臍帯トラブルへの処置に関する医療過誤の裁判例

臍帯トラブルへの処置によって医療過誤が認められた裁判例について、以下でご紹介します。

横浜地方裁判所川崎支部 平成元年6月30日判決 昭58(ワ)451号

本件は、破水した母親に陣痛促進剤を投与し、二度の吸引分娩を試みたものの出産させることができず、帝王切開により出産させたところ赤ちゃんに臍帯が3回巻きついており、その後赤ちゃんは脳性麻痺と診断されて、身体障害者二級と認定された事案です。
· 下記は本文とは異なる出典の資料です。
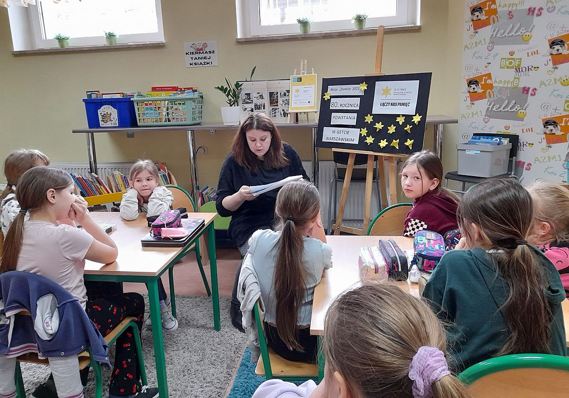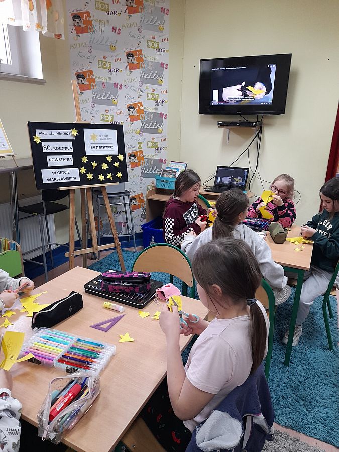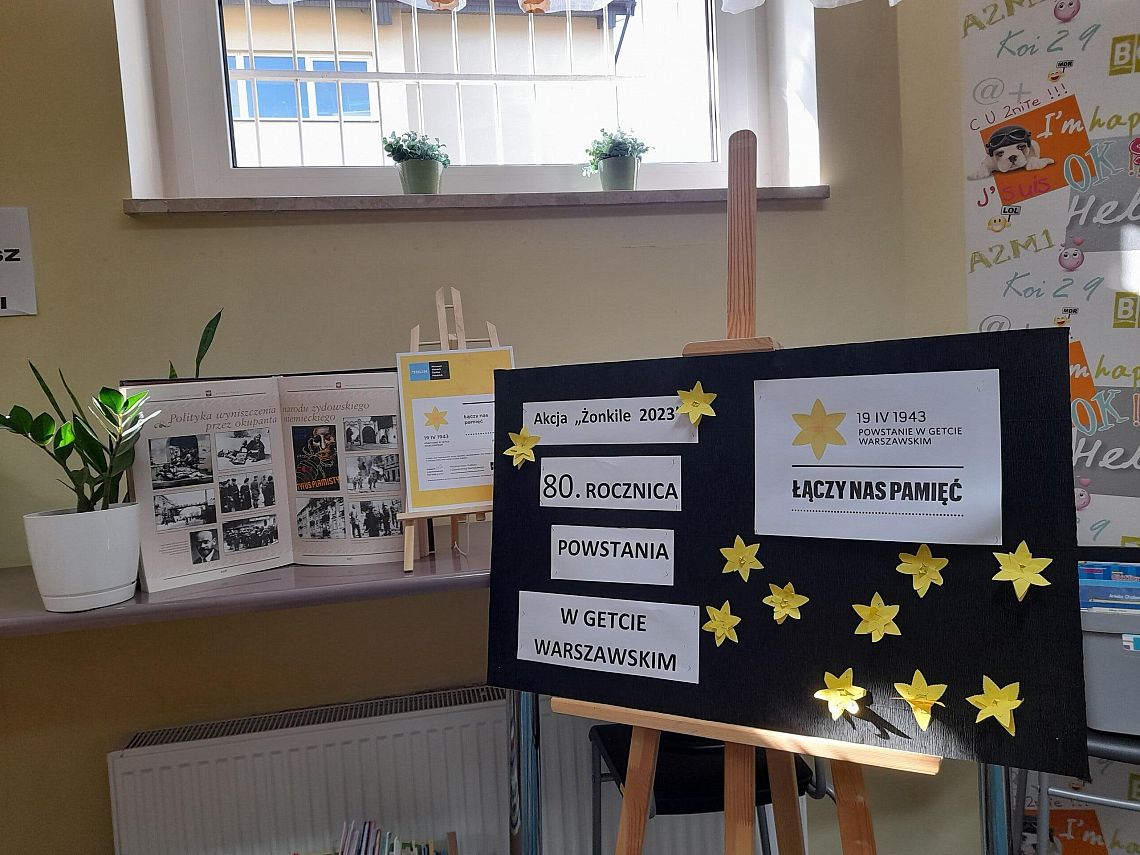 Na lekcjach plastyki uczniowie przygotowywali papierowe żonkile, wycinane i sklejane według instrukcji zaczerpniętej ze strony Muzeum Historii Żydów Polskich - Muzeum Polin. Wzięli także udział w okolicznościowych lekcjach historii, podczas których nauczyciel, w ciekawy sposób przybliżył im genezę Powstania w Getcie Warszawskim.

出産当時(昭和54年)の医療水準では、臍帯巻絡について出産前に確実な判断をすることはできず、また、分娩監視装置も十分に普及していませんでした。

1回目の吸引分娩後、赤ちゃんの心拍が急激に低下し、さらに回復までに1分程度かかっていたことから直ちに帝王切開に切り換えるべきところ、2回目の吸引分娩が行われ、赤ちゃんの心拍数がさらに低下し、回復までに時間を要する状態となったことから、2回目の吸引分娩が胎児機能不全や赤ちゃんの頭蓋内出血、その後の脳性麻痺の原因であると認めました。

また、臍帯巻絡を診断することは難しかったものの、当時の技術でも疑うことは可能であり、他の原因がないのに分娩が進まないときには臍帯巻絡を疑うべきであるから、1回目の吸引分娩が失敗した段階で2回目も同じ結果になることは容易に予測できたため、直ちに帝王切開に切り換えるべきであったと裁判所は指摘し、2回目の吸引分娩を行わずに帝王切開を実施するべき病院の注意義務違反を認めました。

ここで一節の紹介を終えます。